> _Assigned task_: Every entry gets copied exactly. No images go into the copy.

> _Data excerpts_:
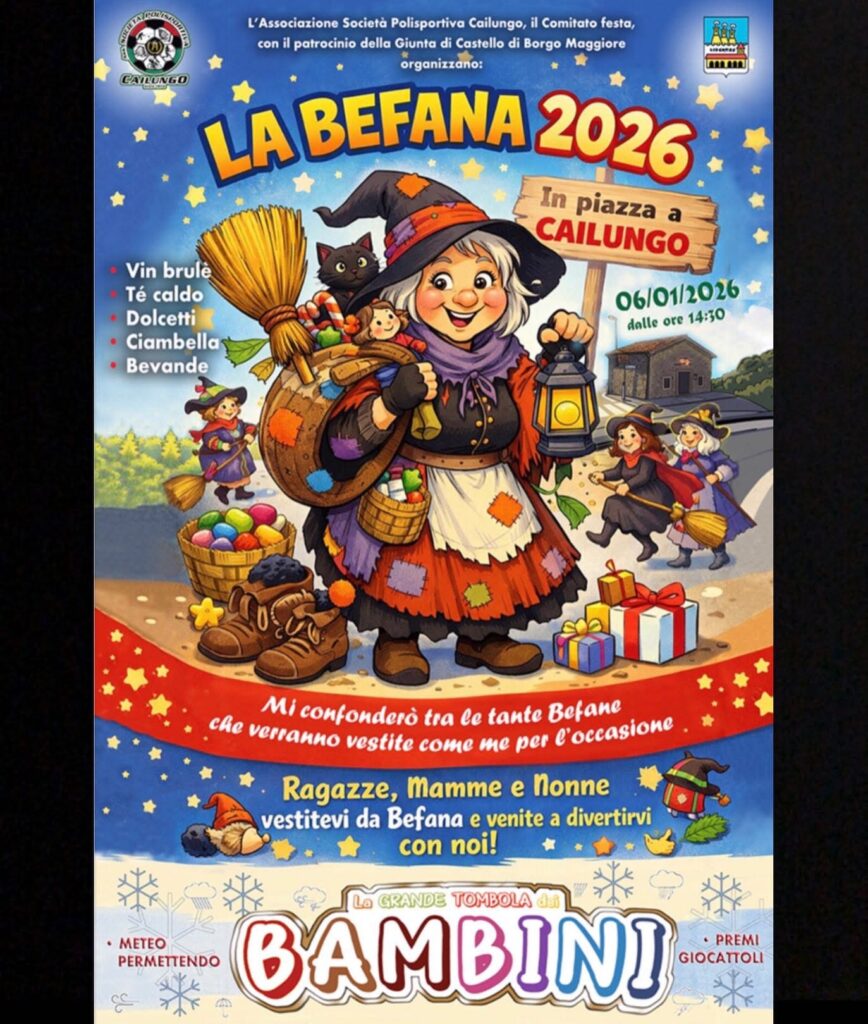 L’Associazione Società Polisportiva Cailungo e il Comitato Festa San Rocco, con il patrocinio della Giunta di Castello di Borgo Maggiore, organizzano anche quest’anno “La Befana in Piazza”.
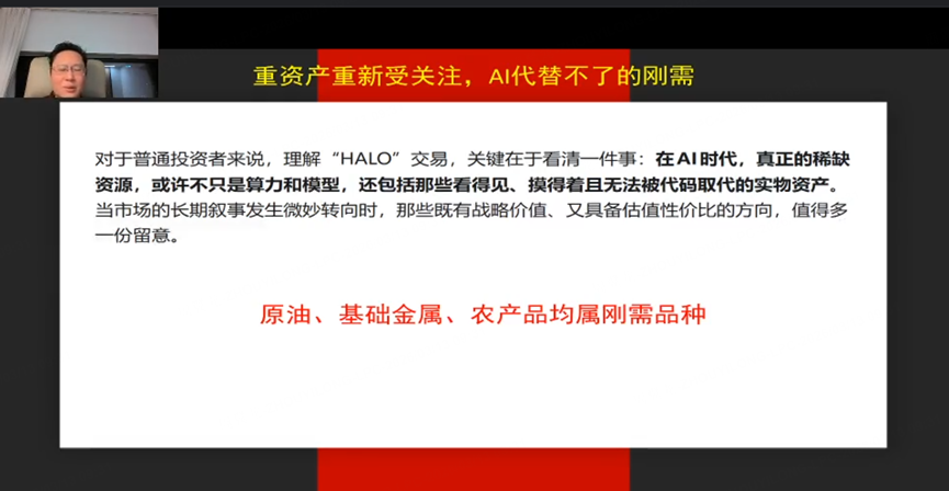 HALO交易概念:HALO易指重资产加低淘汰率,即刚需资源。在 AI 时代,投资目光转向底层基础资源,如原油、基础金属、农产品等。
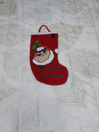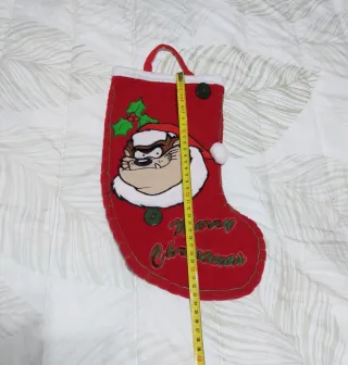 Calcetín grande de Navidad con diseño de Taz de Looney Tunes. - Decorado con un gorro de Papá Noel y acebo. - Lleva bordado Merry Christmas en la parte delantera. - Cierre superior con borde blanco y pompón. - Dos botones decorativos en la parte frontal.
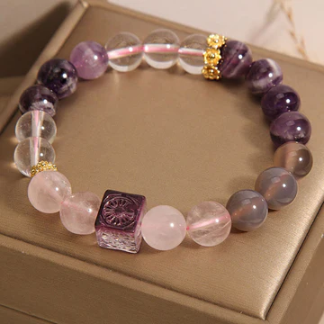 Buddha Stones Natural Amethyst Strawberry Quartz Crystal Fortune Bracelet
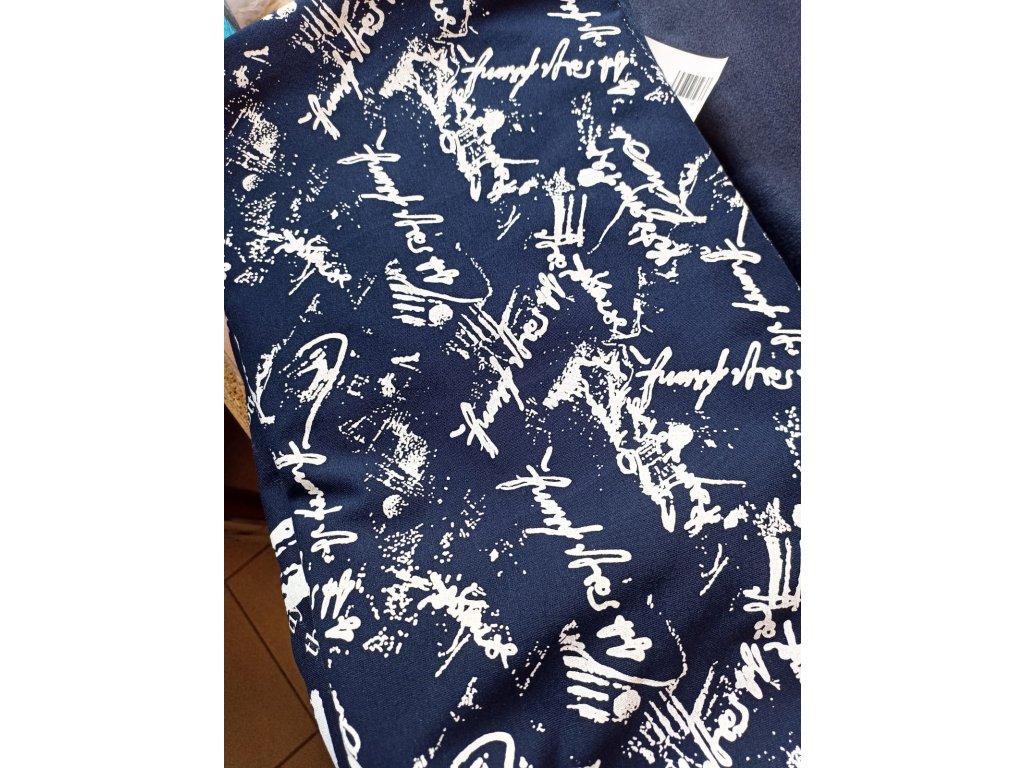 Teplákovina Tamara, rotační tisk, bilý vzor, tmavě modrý podklad, FT40304, délka1.5m, OK09
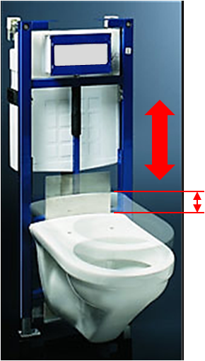 Es kann auch hilfreich sein, höhenverstellbare Toiletten einzusetzen. Dies begründet sich insbesondere dadurch, dass einerseits die Menschen unterschiedlich groß sind und die Fabrikate der Rollstühle eine Höhendifferenz bis zu 10 cm haben können. So ist es vielen Menschen nicht oder zumindest nicht leicht möglich, auf das WC mit einer Höhe zwischen 46 und 48 cm zu wechseln. Durch eine höhenverstellbare Toilette wird zudem das Aufstehen deutlich erleichtert.
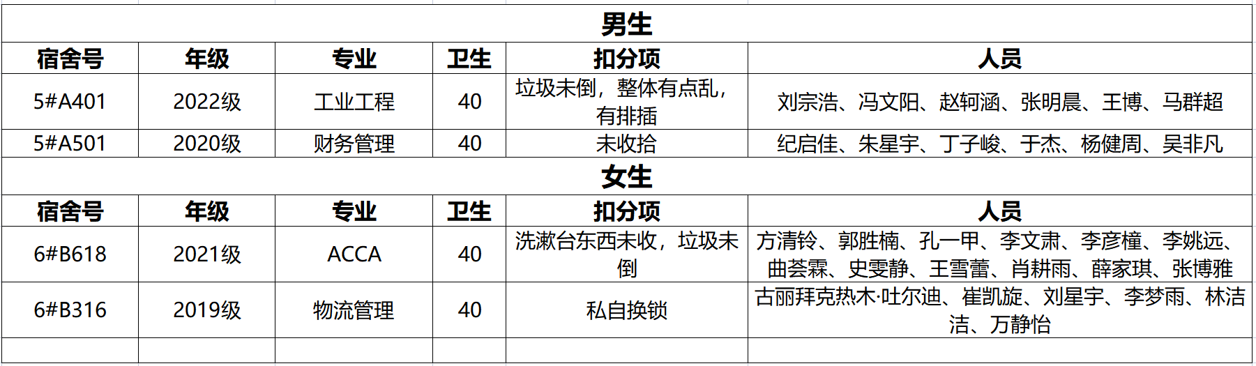 不合格宿舍如下:

> _Response_:
 L’Associazione Società Polisportiva Cailungo e il Comitato Festa San Rocco, con il patrocinio della Giunta di Castello di Borgo Maggiore, organizzano anche quest’anno “La Befana in Piazza”.
 HALO交易概念:HALO易指重资产加低淘汰率,即刚需资源。在 AI 时代,投资目光转向底层基础资源,如原油、基础金属、农产品等。
 Calcetín grande de Navidad con diseño de Taz de Looney Tunes. - Decorado con un gorro de Papá Noel y acebo. - Lleva bordado Merry Christmas en la parte delantera. - Cierre superior con borde blanco y pompón. - Dos botones decorativos en la parte frontal.
 Buddha Stones Natural Amethyst Strawberry Quartz Crystal Fortune Bracelet
 Teplákovina Tamara, rotační tisk, bilý vzor, tmavě modrý podklad, FT40304, délka1.5m, OK09
 Es kann auch hilfreich sein, höhenverstellbare Toiletten einzusetzen. Dies begründet sich insbesondere dadurch, dass einerseits die Menschen unterschiedlich groß sind und die Fabrikate der Rollstühle eine Höhendifferenz bis zu 10 cm haben können. So ist es vielen Menschen nicht oder zumindest nicht leicht möglich, auf das WC mit einer Höhe zwischen 46 und 48 cm zu wechseln. Durch eine höhenverstellbare Toilette wird zudem das Aufstehen deutlich erleichtert.
 不合格宿舍如下:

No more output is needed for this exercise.